[Opening Raw data section]

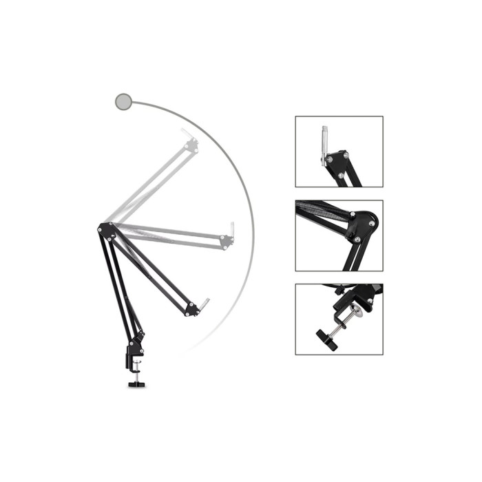 Антивібраційний кошик запобігатиме передачі різноманітних сторонніх вібрацій через мікрофонну стійку на звукову доріжку. Регульована настільна підставка, яка кріпиться на стільниці, забезпечує надійну фіксацію мікрофона та дозволяє зменшити сторонні вібрації. Її можна використовувати та з іншими мікрофонами.
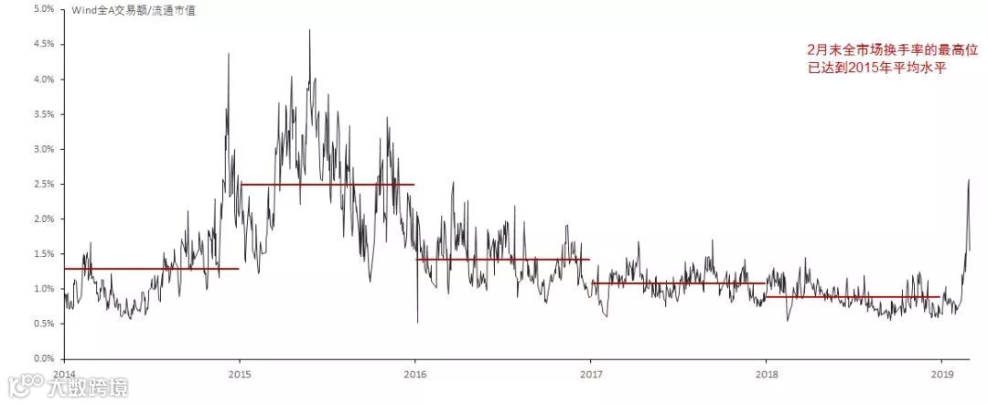 A股在2月的换手率高点已接近2015年平均水平
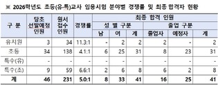 [뉴스스텝] 대전시교육청은 2026학년도 대전시 공립 유치원·초등학교·특수학교(유치원·초등) 교사 임용후보자 선정경쟁시험 최종합격자를 1월 28일 오전 10시, 시교육청 누리집(고시/공고)을 통해 발표했다.이번 임용시험은 총 46명 선발 예정에 231명이 지원하여 평균 5대 1의 경쟁률을 기록했다. 특히 수험생들은 지난해 11월 실시된 1차시험(교직논술, 교육과정)부터 올해 1월 2차시험(교직적성 심층면접
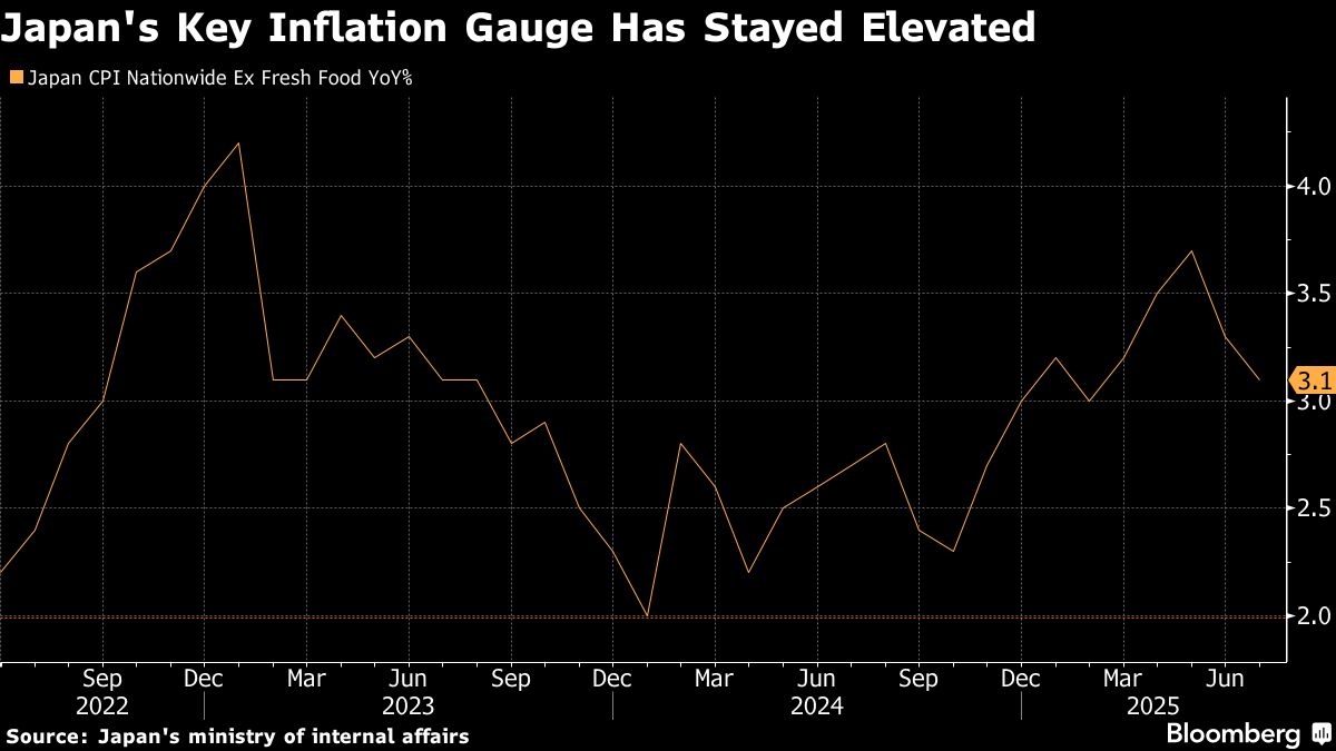 Consumer prices excluding fresh food rose 3.1% from a year earlier in July, slowing from a 3.3% gain in the previous month, the Ministry of Internal Affairs and Communications reported Friday. The median estimate of economists was for a gain of 3%, with expectations there would be a drag from energy prices after they spiked a year earlier
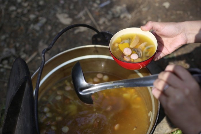 お昼はかぼちゃがごろごろ入ったスープ。ほっこり温まりました。
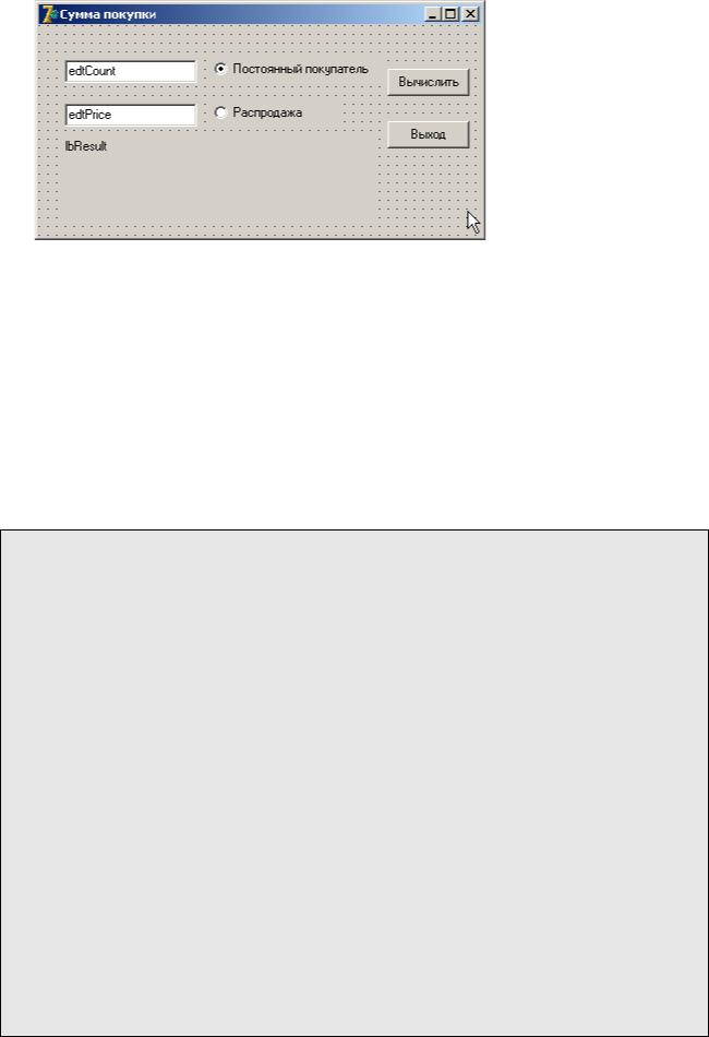 Модифицируем программу из листинга 2. Добавьте на форму компонент TGroupBox. Измените свойство Name на gbDiscount, а свойство Caption на «Скидки».
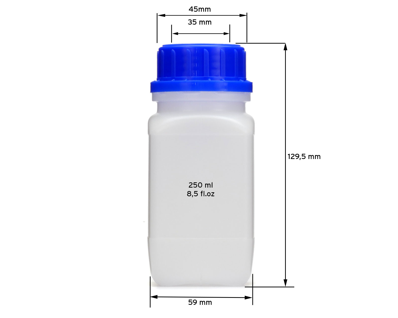 250 ml Weithals-Flasche mit blauem Schraubverschluß, UN-Zulassung und Beschriftungsetiketten
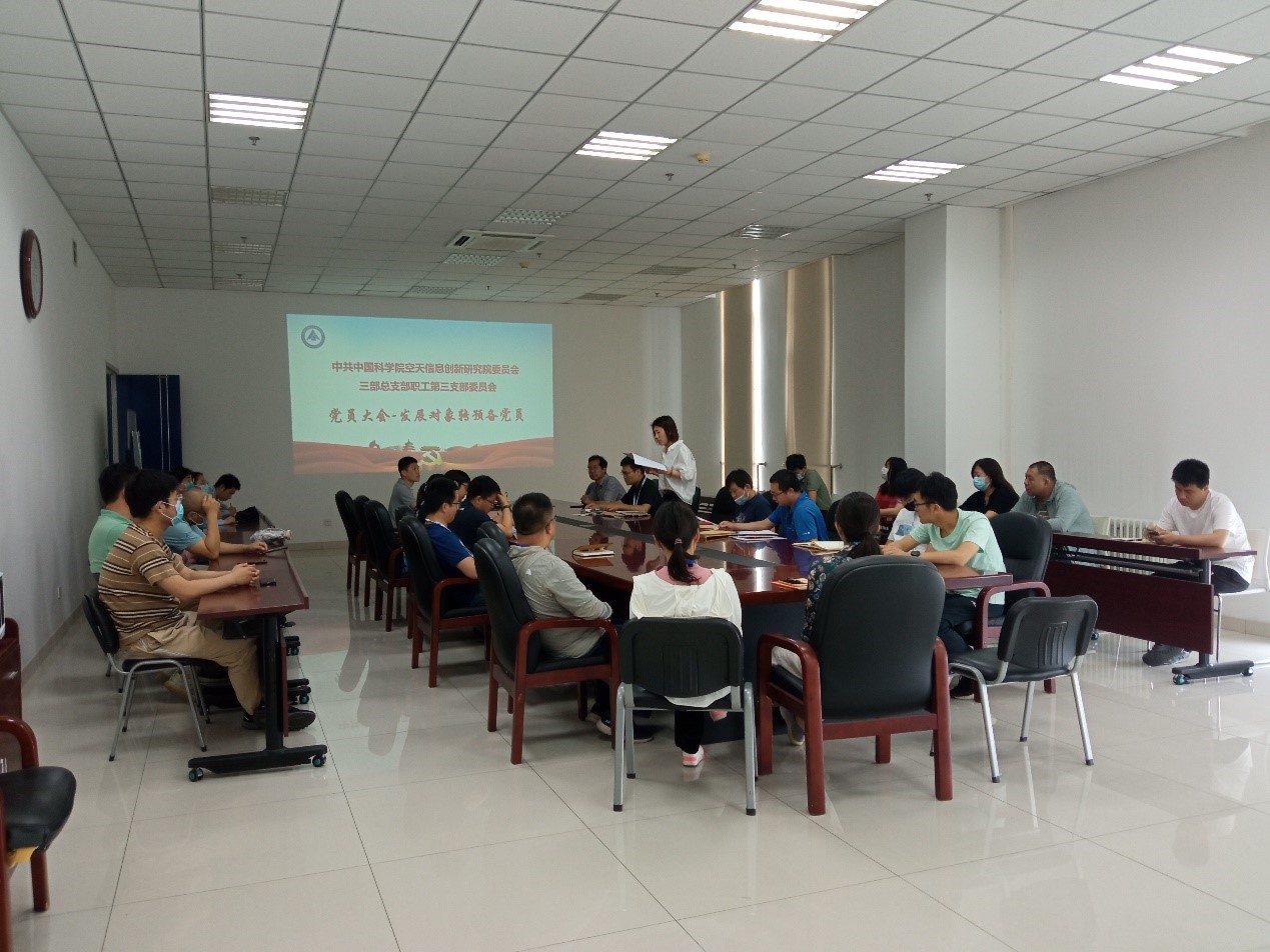 2023年5月26日,三部党总支职工第三支部于怀柔园区召开发展对象转预备党员的支部大会,会议由第三支部书记王建主持,三部党总支书记丁海兵,组织委员高冬平参加。
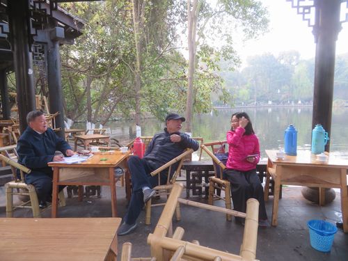 ホテルをチェックアウトしてバスに乗り込む。日本人の団体だから時間に遅れる人はいない。まずは朝の人民公園に乗り込む。庶民の茶文化体験ということだが、天気も良くなったので、屋外で茶を楽しむのはとても気分が良い。そして池のほとりでお茶を飲み始めると、隣に座っていた老人たちと何となく交流が始まってしまうのが、何とも面白い。
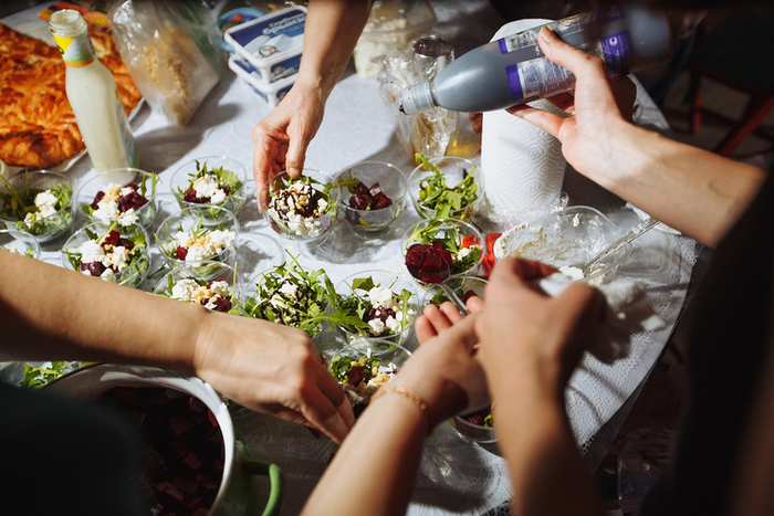 С едой, как и родственниками, мне повезло нереально. Маша, моя жена, серьезно увлекается поварским искусством, и даже заканчивала известную французскую кулинарную школу, а вот практики готовить на такое количество людей у нее еще не было. На мой вопрос: «Будем ли мы заказывать кейтеринг?», она однозначно ответила, что «должна самолично пройти через все это», плюс прилетела ее мама из Тольятти поздравить меня и помочь с готовкой. Они вдвоем за несколько дней все приготовили и организовали шикарный фуршетный стол. Посуду частично брали в лофте, частично покупали одноразовую, но интересную, чтобы хорошо смотрелась.
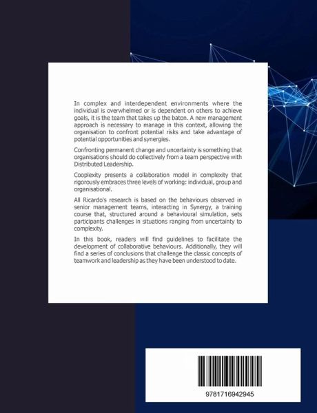 In complex and interdependent environments where the individual is overwhelmed or is dependent on others to achieve goals, it is the team that takes up the baton. A new management approach is necessary for this context, allowing the organisation to confront potential risks and take advantage of opportunities and synergies. Confronting permanent change and uncertainty is something that organisations should do collectively from a team perspective with Distributed Leadership. Cooplexity presents a collaboration model in complexity that rigorously embraces three levels of working: individual, group and organisational. Ricardo's research is based on the behaviours observed in senior management teams interacting in Synergy, a training course structured around a behavioural simulation that sets participants' challenges in situations ranging from uncertainty to complexity. In this book, readers will find guidelines to facilitate the development of collaborative behaviours. Additionally, they will find a series of conclusions that challenge the classic concepts of teamwork and leadership as they have been understood to date.
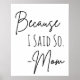 Dia de as mães Presente Porque Eu Disse Tão Poster. Presente perfeito para qualquer ocasião especial.
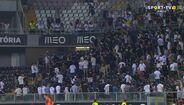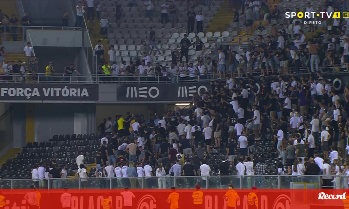 Desacatos nas bancadas do estádio D. Afonso Henriques marcaram os minutos finais do período de intervalo no duelo entre V. Guimarães e Puskás Akadémia, a contar para a segunda pré-eliminatória da UEFA Conference League. Nas imagens capturadas pela transmissão televisiva do encontro foi possível observar os adeptos vimaranenses a atirarem cadeiras na direção da polícia de intervenção que estava no local. [Frames: Sport TV]

[Closing Raw data section]

▸ **Exercise requirements**
Restate each of the entries above word for word and skip every image.

▸ **Result of this task**
 Антивібраційний кошик запобігатиме передачі різноманітних сторонніх вібрацій через мікрофонну стійку на звукову доріжку. Регульована настільна підставка, яка кріпиться на стільниці, забезпечує надійну фіксацію мікрофона та дозволяє зменшити сторонні вібрації. Її можна використовувати та з іншими мікрофонами.
 A股在2月的换手率高点已接近2015年平均水平
 [뉴스스텝] 대전시교육청은 2026학년도 대전시 공립 유치원·초등학교·특수학교(유치원·초등) 교사 임용후보자 선정경쟁시험 최종합격자를 1월 28일 오전 10시, 시교육청 누리집(고시/공고)을 통해 발표했다.이번 임용시험은 총 46명 선발 예정에 231명이 지원하여 평균 5대 1의 경쟁률을 기록했다. 특히 수험생들은 지난해 11월 실시된 1차시험(교직논술, 교육과정)부터 올해 1월 2차시험(교직적성 심층면접
 Consumer prices excluding fresh food rose 3.1% from a year earlier in July, slowing from a 3.3% gain in the previous month, the Ministry of Internal Affairs and Communications reported Friday. The median estimate of economists was for a gain of 3%, with expectations there would be a drag from energy prices after they spiked a year earlier
 お昼はかぼちゃがごろごろ入ったスープ。ほっこり温まりました。
 Модифицируем программу из листинга 2. Добавьте на форму компонент TGroupBox. Измените свойство Name на gbDiscount, а свойство Caption на «Скидки».
 250 ml Weithals-Flasche mit blauem Schraubverschluß, UN-Zulassung und Beschriftungsetiketten
 2023年5月26日,三部党总支职工第三支部于怀柔园区召开发展对象转预备党员的支部大会,会议由第三支部书记王建主持,三部党总支书记丁海兵,组织委员高冬平参加。
 ホテルをチェックアウトしてバスに乗り込む。日本人の団体だから時間に遅れる人はいない。まずは朝の人民公園に乗り込む。庶民の茶文化体験ということだが、天気も良くなったので、屋外で茶を楽しむのはとても気分が良い。そして池のほとりでお茶を飲み始めると、隣に座っていた老人たちと何となく交流が始まってしまうのが、何とも面白い。
 С едой, как и родственниками, мне повезло нереально. Маша, моя жена, серьезно увлекается поварским искусством, и даже заканчивала известную французскую кулинарную школу, а вот практики готовить на такое количество людей у нее еще не было. На мой вопрос: «Будем ли мы заказывать кейтеринг?», она однозначно ответила, что «должна самолично пройти через все это», плюс прилетела ее мама из Тольятти поздравить меня и помочь с готовкой. Они вдвоем за несколько дней все приготовили и организовали шикарный фуршетный стол. Посуду частично брали в лофте, частично покупали одноразовую, но интересную, чтобы хорошо смотрелась.
 In complex and interdependent environments where the individual is overwhelmed or is dependent on others to achieve goals, it is the team that takes up the baton. A new management approach is necessary for this context, allowing the organisation to confront potential risks and take advantage of opportunities and synergies. Confronting permanent change and uncertainty is something that organisations should do collectively from a team perspective with Distributed Leadership. Cooplexity presents a collaboration model in complexity that rigorously embraces three levels of working: individual, group and organisational. Ricardo's research is based on the behaviours observed in senior management teams interacting in Synergy, a training course structured around a behavioural simulation that sets participants' challenges in situations ranging from uncertainty to complexity. In this book, readers will find guidelines to facilitate the development of collaborative behaviours. Additionally, they will find a series of conclusions that challenge the classic concepts of teamwork and leadership as they have been understood to date.
 Dia de as mães Presente Porque Eu Disse Tão Poster. Presente perfeito para qualquer ocasião especial.
 Desacatos nas bancadas do estádio D. Afonso Henriques marcaram os minutos finais do período de intervalo no duelo entre V. Guimarães e Puskás Akadémia, a contar para a segunda pré-eliminatória da UEFA Conference League. Nas imagens capturadas pela transmissão televisiva do encontro foi possível observar os adeptos vimaranenses a atirarem cadeiras na direção da polícia de intervenção que estava no local. [Frames: Sport TV]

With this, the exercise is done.